Segment Open
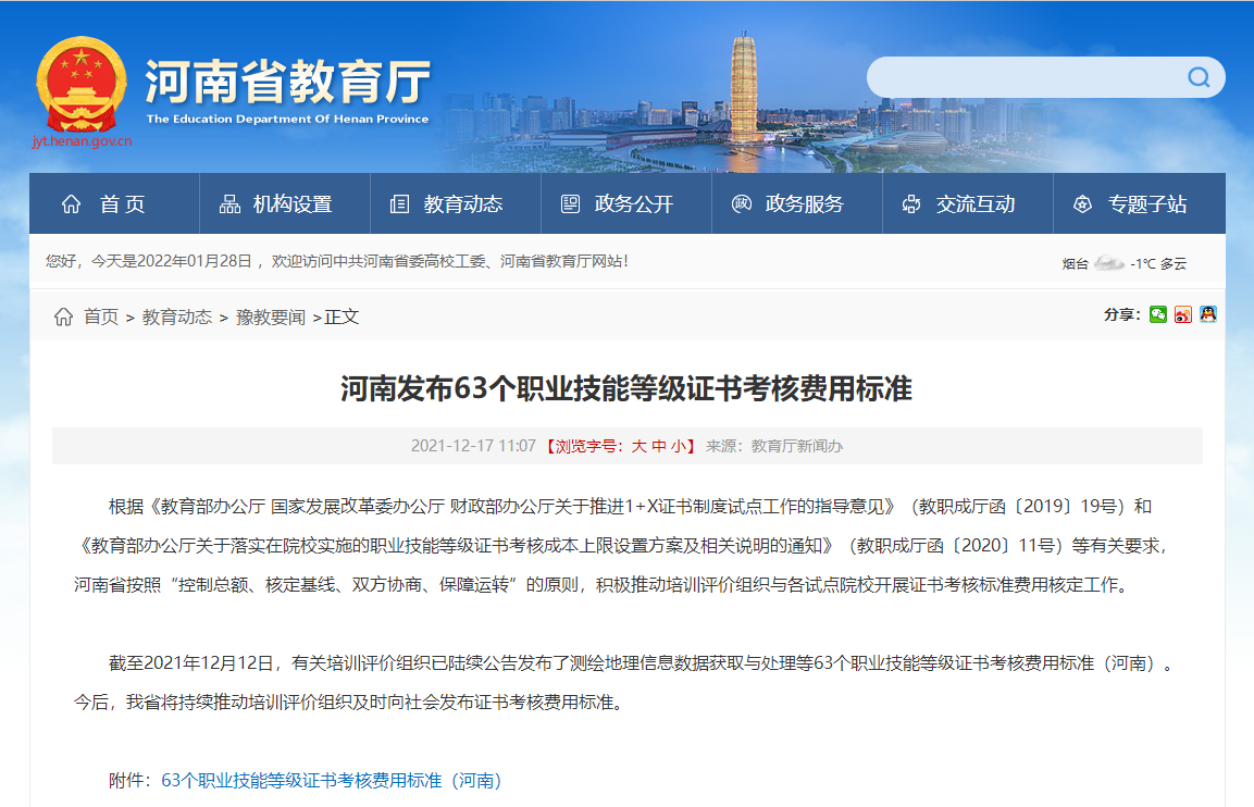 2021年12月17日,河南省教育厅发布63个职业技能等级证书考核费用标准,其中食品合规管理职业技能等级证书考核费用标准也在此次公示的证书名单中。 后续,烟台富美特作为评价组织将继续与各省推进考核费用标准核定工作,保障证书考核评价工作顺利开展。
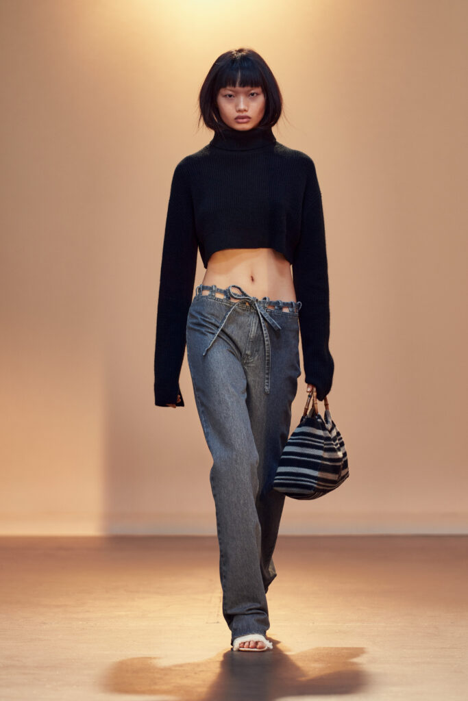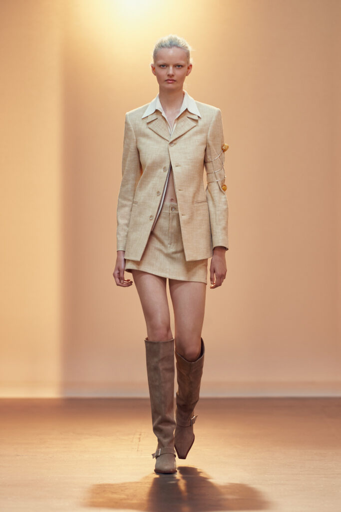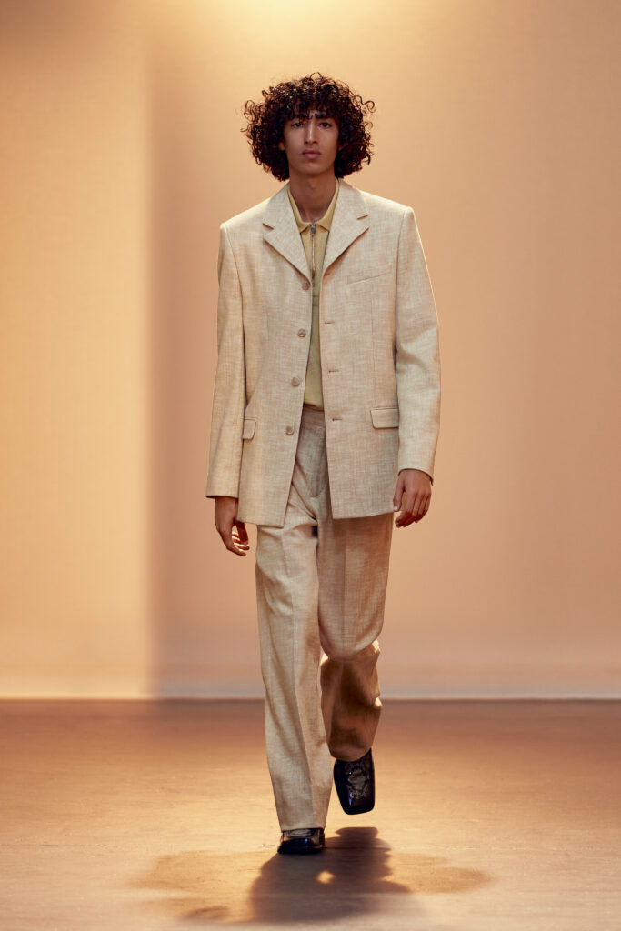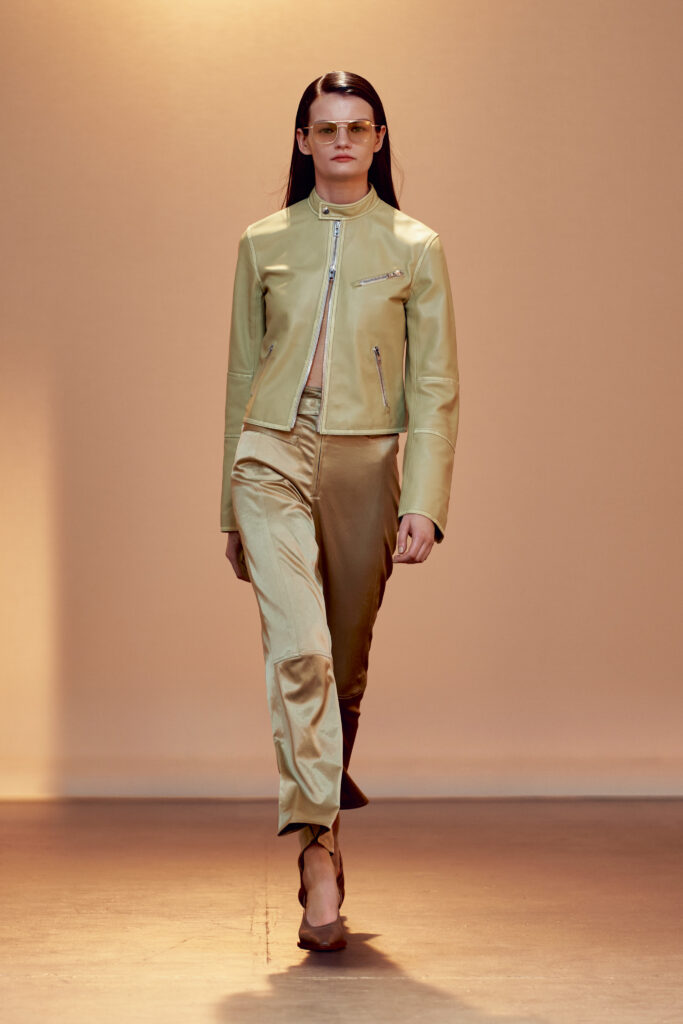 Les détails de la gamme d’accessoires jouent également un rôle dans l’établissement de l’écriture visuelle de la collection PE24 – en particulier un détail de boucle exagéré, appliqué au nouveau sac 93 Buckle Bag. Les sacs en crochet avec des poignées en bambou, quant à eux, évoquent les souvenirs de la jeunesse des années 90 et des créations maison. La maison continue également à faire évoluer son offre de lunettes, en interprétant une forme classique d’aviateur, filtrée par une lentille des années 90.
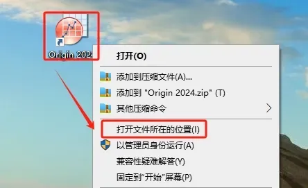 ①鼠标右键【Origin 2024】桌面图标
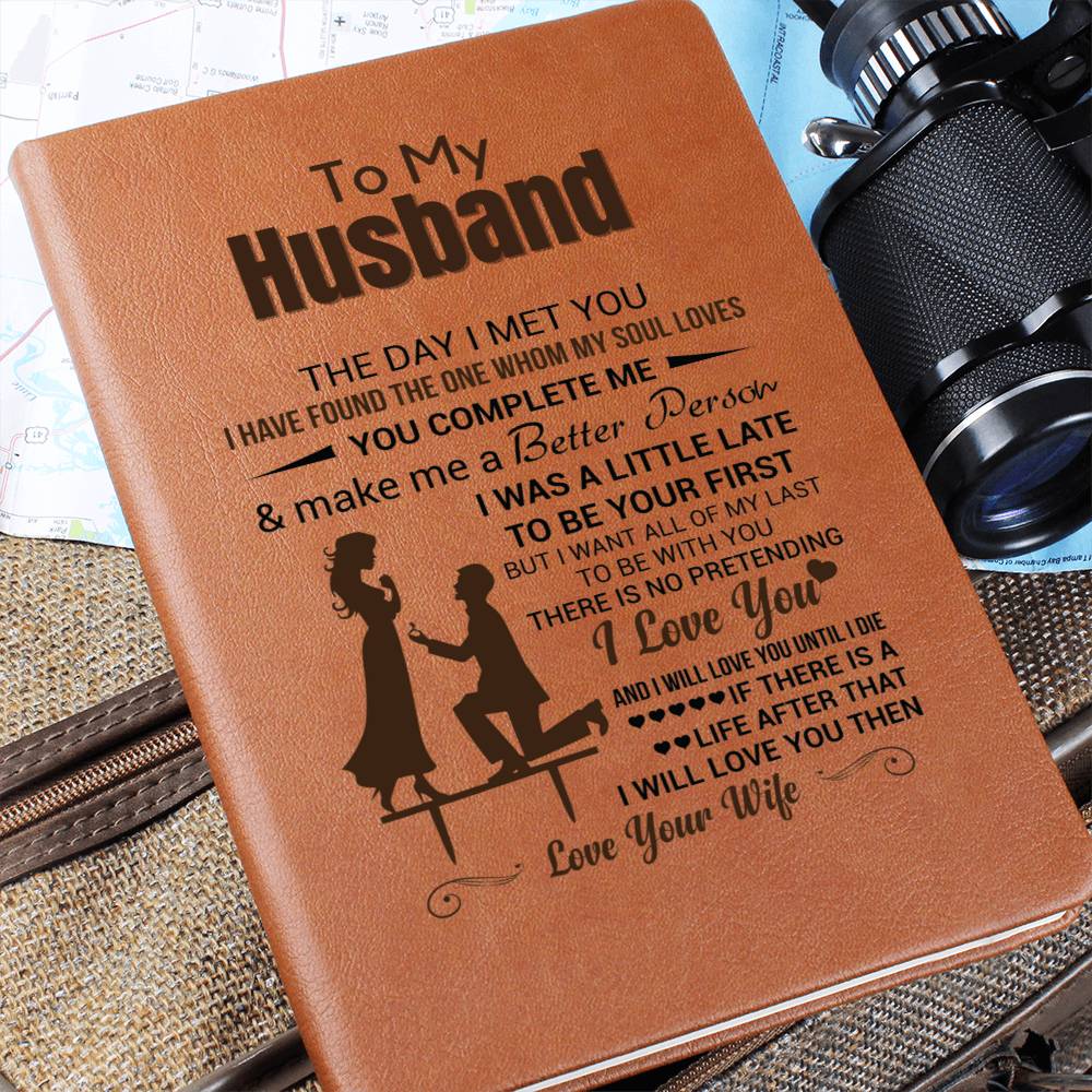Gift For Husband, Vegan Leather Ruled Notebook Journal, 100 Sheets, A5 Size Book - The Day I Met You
Segment Closed
Segment Open
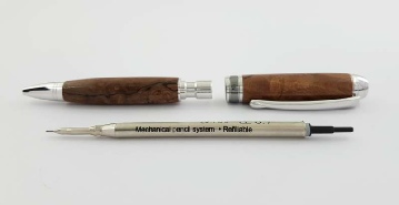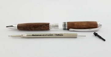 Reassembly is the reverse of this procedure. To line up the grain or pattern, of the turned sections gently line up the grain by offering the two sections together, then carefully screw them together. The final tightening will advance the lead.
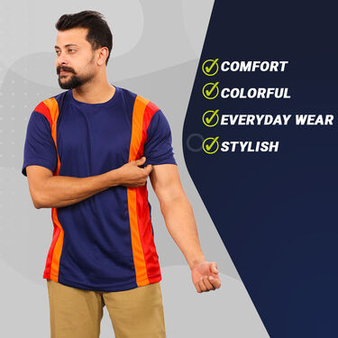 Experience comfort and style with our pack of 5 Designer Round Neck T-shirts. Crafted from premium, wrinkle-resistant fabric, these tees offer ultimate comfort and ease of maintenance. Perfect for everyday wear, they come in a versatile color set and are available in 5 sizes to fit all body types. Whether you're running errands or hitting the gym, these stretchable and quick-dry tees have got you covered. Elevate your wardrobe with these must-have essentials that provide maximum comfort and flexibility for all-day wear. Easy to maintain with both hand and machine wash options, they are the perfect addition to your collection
Segment Closed
Brief>
What is needed is an exact copy of the lines above from the one with "2021年12月17日,河南" to the one with "Gift For Husband, Vegan", both ends kept, and nothing more; please leave the pictures out.

Response for this exercise>
 2021年12月17日,河南省教育厅发布63个职业技能等级证书考核费用标准,其中食品合规管理职业技能等级证书考核费用标准也在此次公示的证书名单中。 后续,烟台富美特作为评价组织将继续与各省推进考核费用标准核定工作,保障证书考核评价工作顺利开展。
 Les détails de la gamme d’accessoires jouent également un rôle dans l’établissement de l’écriture visuelle de la collection PE24 – en particulier un détail de boucle exagéré, appliqué au nouveau sac 93 Buckle Bag. Les sacs en crochet avec des poignées en bambou, quant à eux, évoquent les souvenirs de la jeunesse des années 90 et des créations maison. La maison continue également à faire évoluer son offre de lunettes, en interprétant une forme classique d’aviateur, filtrée par une lentille des années 90.
 ①鼠标右键【Origin 2024】桌面图标
Gift For Husband, Vegan Leather Ruled Notebook Journal, 100 Sheets, A5 Size Book - The Day I Met You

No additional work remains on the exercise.